Tuesday 7th March 2017

We woke just before 9:00 a.m. to find it barely daylight and still covered in freezing fog and the morning ‘musak’ led by ‘O come all ye faithful’!

As we write in the massive lobby of the hotel whilst awaiting delivery of the next set of train tickets for Xi’an, the sun is burning off the fog. Five floors below the lobby is a shopping centre surrounded by small outlets rather like an English out of town retail park but made up of market stalls in the form of shops. This is agglomeration on a massive scale because each floor and each area of the shopping centre sells the same things. Floor 1 was kitchenware and tea basically. Floor 2 had security cameras, mobile phones, copiers, talking weighing scales, humidifiers and drones. Hundreds of outlets all selling the same things.

Urumqi is not an old city but is a fast growing Central Asian hub. It is the home to a great mix of people. As we saw from the train the skyline is always changing with high-rise construction and renewal of existing buildings. Urumqi’s main streets, according to a guidebook, are wide and tree-lined but our location like everything we saw from the taxi yesterday is dominated by high-rise buildings and urban expressways.

The Xinjiang Autonomous Region Museum is massive and features many artefacts from the Silk Road.

The highlight is, the locally famous, ‘Loulan Beauty’ one of the 3800 year old desert-mummified bodies of Indo-European ancestry that were put on display in the 1990s. There are silks and sculptures from the Astana region of Kazakhstan which date from the Tang dynasty along with specimens of grains, nuts, dried fruits, painted wooden figures and naan bread stamped with the same pattern as used today. This is exactly the same as the Green market in Almaty, an excellent example of historical continuity. There are also models of ancient houses and yurts, clothing and household utensils. Some of the yurts not only showed daily life but also the means of constructing the well-insulated houses.

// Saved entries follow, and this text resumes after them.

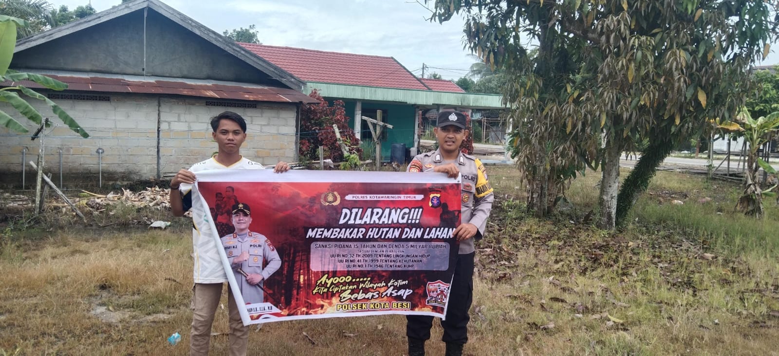 Kotim – Personel Piket Polsek Kota Besi jajaran polres Kotim Polda Kalteng mensosialisasikan bahaya kebakaran hutan dan lahan (Karhutla) dan sanksi pidana yang dapat dikenakan terhadap pelaku Karhutla tersebut. Jumat, 26/09/2025 jam 08.00 Wib.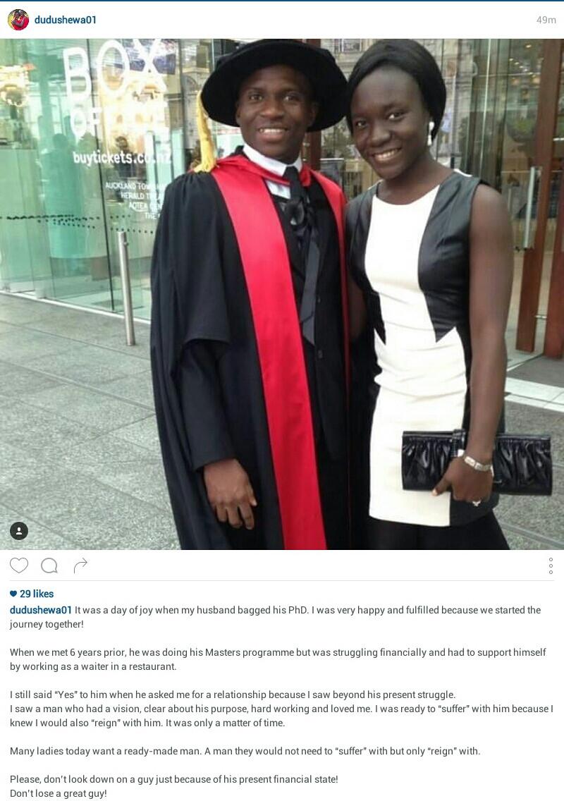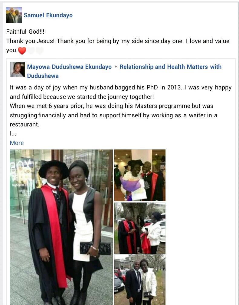 “It was a day of joy when my husband bagged his PhD. I was very happy and fulfilled because we started the journey together!”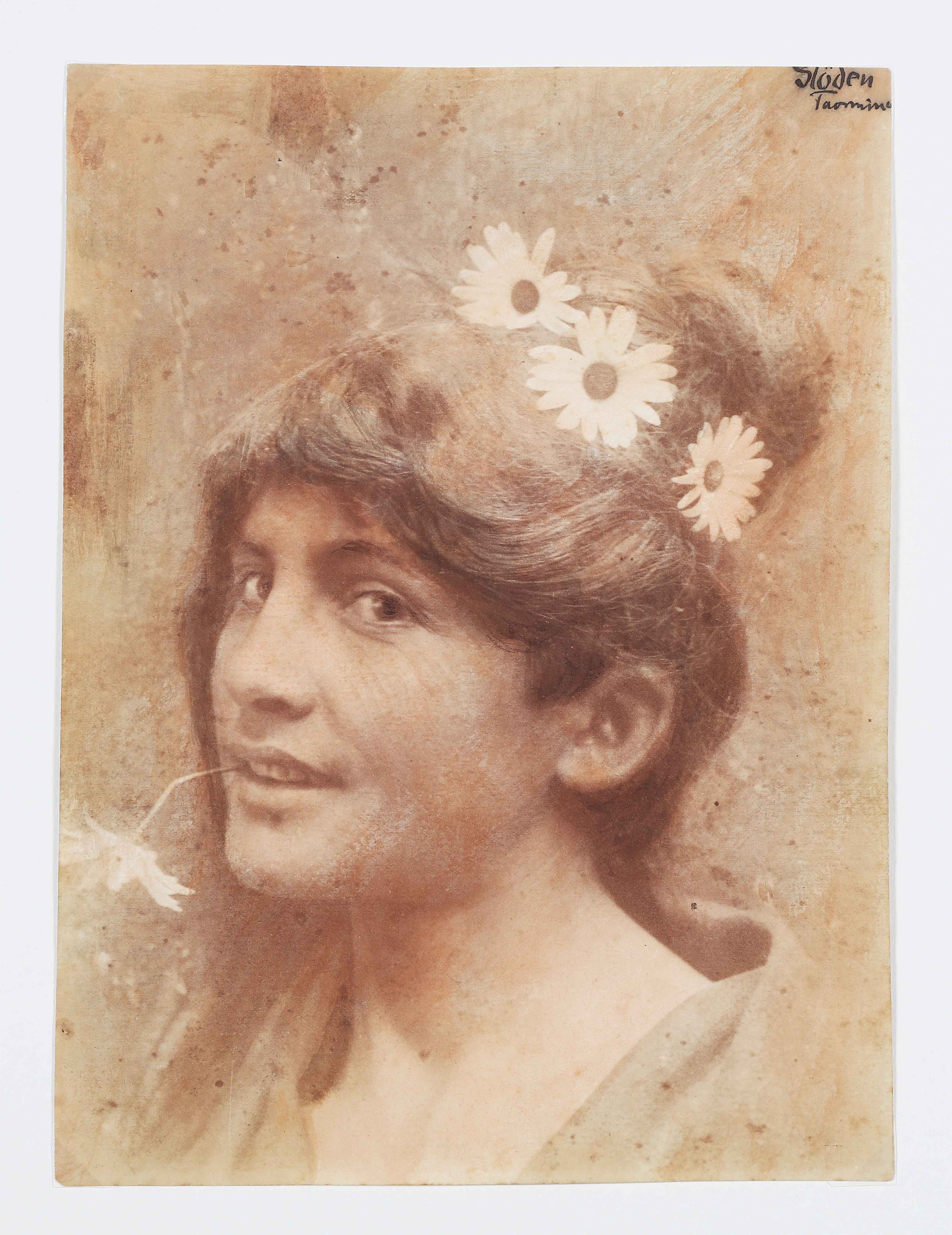 VON GLOEDEN WILHELM (1856 - 1931) Ritratto con corona di margherite. Carta...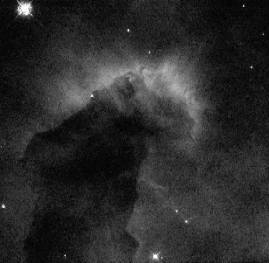 So, to obtain a true color image in astronomy, you have to take three (black & white) exposures, each one with a different color filter. Of course, this means taking three different images of the same object. Here are 3 images of the eagle nebula each taken with a different color filter, blue, green, and red. The computer records only the intensity of each image (black & white), and later colors each b&w image by the color of the filter used (shown on the far right). |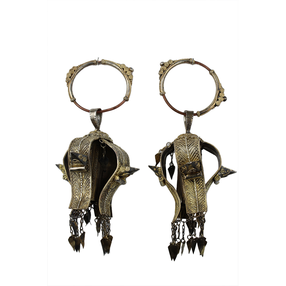 COPPIA DI ORECCHINI in argento dorato finemente lavorati dalle mani di abili artigiani indiani. Gli orecchini sono impreziositi da graziosi piccoli pendenti. India h cm 14 x 7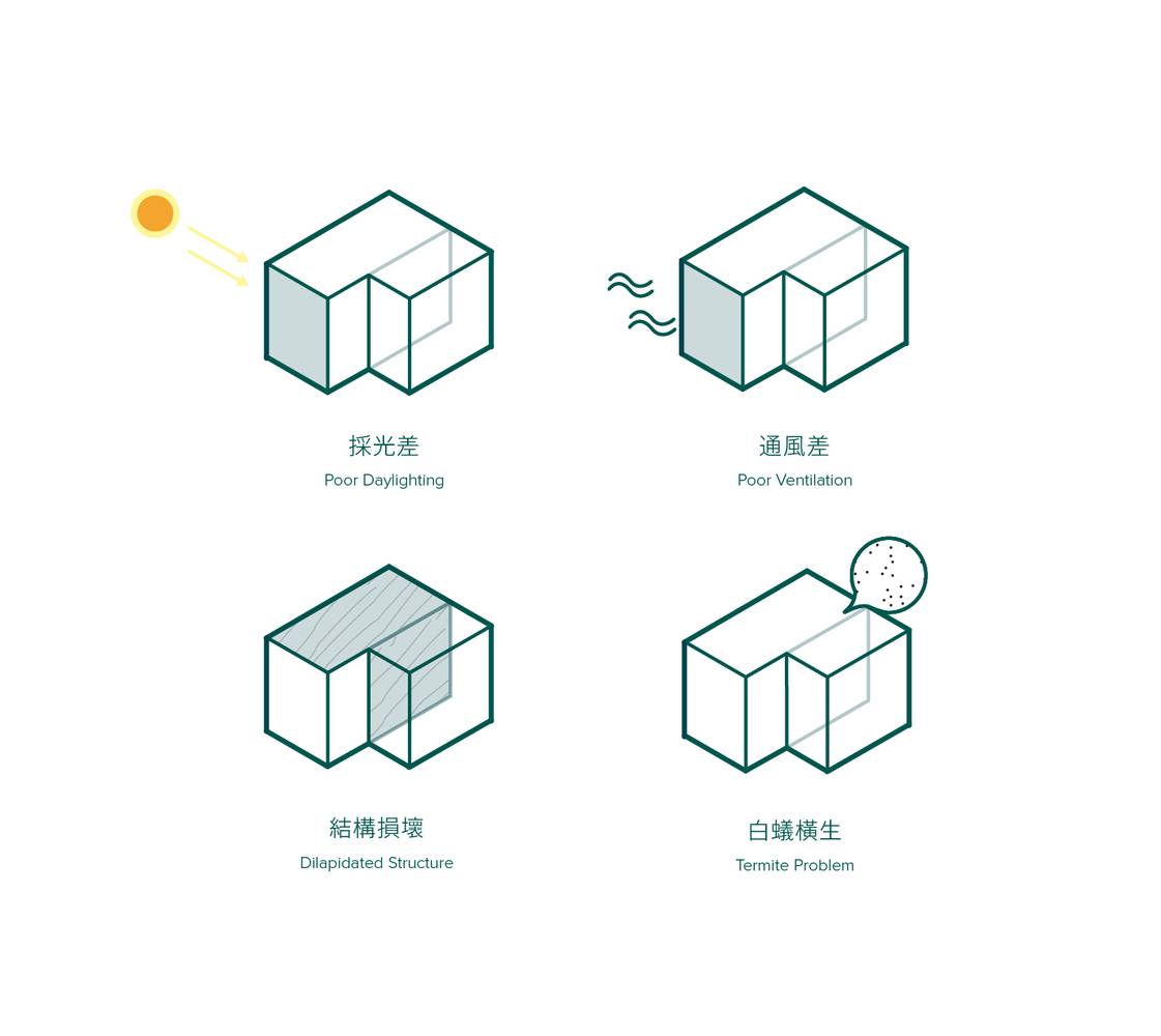 Do đã quá lâu đời nên ngôi nhà gặp vấn đề thiếu sáng, ẩm mốc nghiêm trọng. KTS đã nâng cấp lại kết cấu ngôi nhà, đồng thời mở ra những không gian chung để kết nối tối đa các thành viên. Ngoài ra, một khu vực đặc biệt cũng được tạo ra để mọi người có thể tưởng nhớ về người ông thân yêu của mình.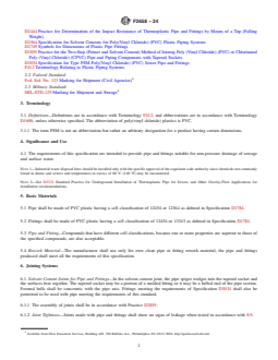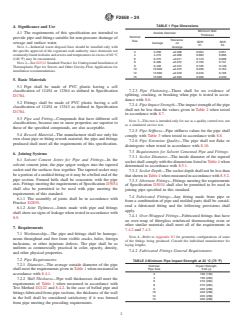 - Material Requirements: Specifies the grade of PVC plastic compounds to be used for both pipes (cell classification 12454 or 12364) and fittings (cell classification 12454 or 13343), according to referenced ASTM standards. Only clean rework material from the same manufacturer is permitted.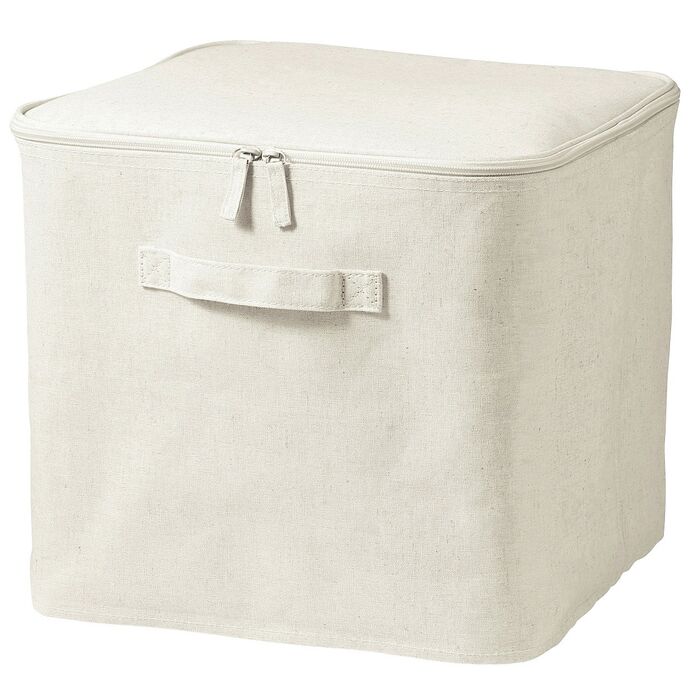 生地の内面をコーティングした布製ボックス。豊富なサイズ展開があり、フタ付きのタイプもあるため、スペースや収納したいものによって使い分けることができます。

The Silk Road artefacts were brought to life through a model market town/caravanserai which showed artisans and traders at work in the desert after crossing the Tien Shan mountains. The artefacts and dioramas are repeated in a modern version along a wall in the hotel lobby which represents a giant cupola/fabric tent along the Silk Road. All of this shows that the life of the past continues in the life and culture of all regions that we have visited in Central Asia.